The PCC Board of Trustees works by a method called the Policy Governance® model. The board translates into policy language the goals they have for PCC. These goals-oriented policies are called “Ends” and they speak in broad terms to the board’s current and long-range visions for PCC.

The board worked this year to refine our Ends policies to make sure they comprise the overarching goals of the co-op: to maintain a balance of economic, social and environmental responsibilities while providing high quality, healthful food, and educating members and patrons on healthy living topics.

It is management’s job to drive our co-op to fulfill these Ends. Management reports to the board each year on its understanding or interpretation of the policies. Based on that interpretation, management reports on the actions it has taken to comply with the policies. The board decides whether management’s interpretation of each policy is in line with the board’s intent and then decides whether management’s report demonstrates compliance with the policy.

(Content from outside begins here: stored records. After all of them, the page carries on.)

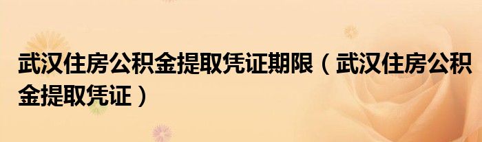 武汉住房公积金提取凭证期限(武汉住房公积金提取凭证)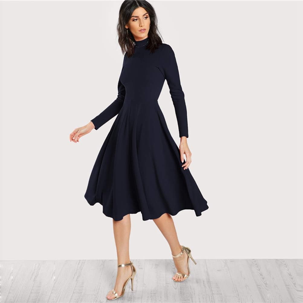 Xiguak Womens Stehkragen Ausgestelltes Business Work Kleid Langarm Hohe Taille Buro Damen Plissee Party Midi Kleid Kleider Business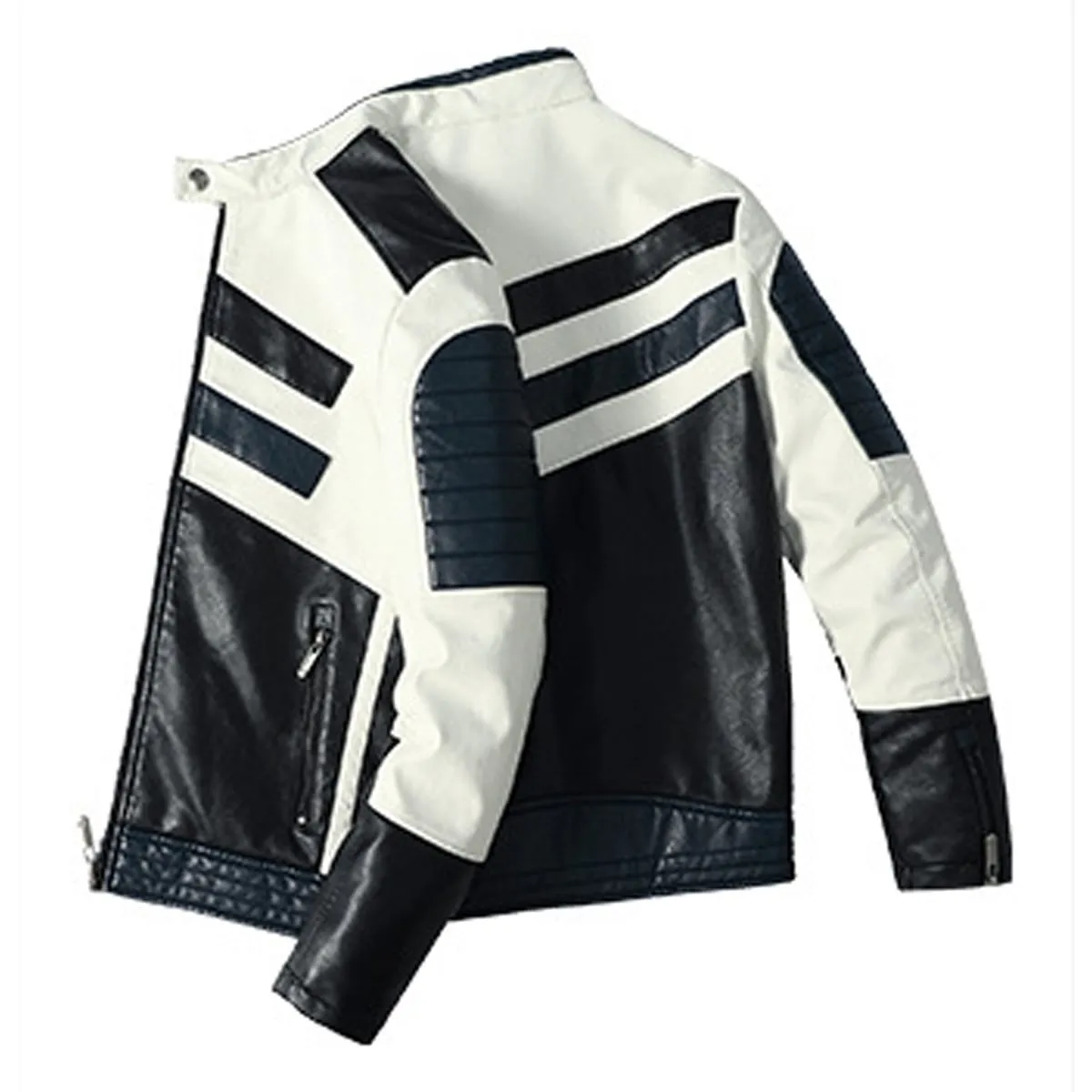 Be the first to review “Mens Black Biker PU Café Racer Stand Collar Striped Black Blue White Toned Outfit Moto Rider Zip-Up Casual Classic Streetwear Slim Fit Faux Leather Jacket”

At least once each year, the board publishes the policies in the Sound Consumer and they are always posted on our Web site. Following is the current Ends policy language with an example of management’s interpretation and reporting process. The board and management welcome your ideas and questions.

Global Ends

PCC exists to create a cooperative, sustainable environment for our members and patrons in which the natural and organic supply chains thrive.

  • Ends A: PCC members and patrons will have access to high-quality, healthful food that is fairly priced.
  • Ends B: PCC membership is a respected and valued choice.
  • Ends C: PCC has a local focus.
  • Ends D: PCC members and patrons are well-educated in matters of healthful foods, healthy sustainable living and the cooperative business model.
  • Ends E: An inherent part of PCC’s business is the balance of economic, social and environmental responsibilities.

Excerpted from management’s March 2005 Ends policy interpretation.

Management interprets “cooperative environment” in this global Ends policy to mean that PCC will continue to operate a healthy business as a consumer cooperative and will be supportive of other cooperative endeavors that it has opportunity to interact with, both locally and nationally, especially as those interactions provide value for our members and patrons.

Excerpted from management’s March 2005 Ends policy report.

PCC completed the past reporting year in strong economic health, recording sales of almost $90 million and earnings of almost 2 percent. Virtually every key measure of balance sheet strength remained strong as well, holding to levels that were similar or better than those reached in the previous year. These measures demonstrate PCC’s strength, and thus, capacity to continue on its mission of operating as a consumer-owned cooperative well into the future.

Prudent decisions related to support of other cooperatives, such as our ongoing practice and offers to share our systems (e.g., data management seminar, customer service program) and staff talent with other cooperatives, reinforce our commitment to broader cooperative success, even through other businesses.

For instance, PCC deliberately reached out to other cooperatives and natural food retailers across Washington state by sharing informational display and campaign materials for letter-writing campaigns on issues affecting sustainability of our food system. This friendly exchange of information and materials helped nurture a cooperative spirit, making us stronger when we work together.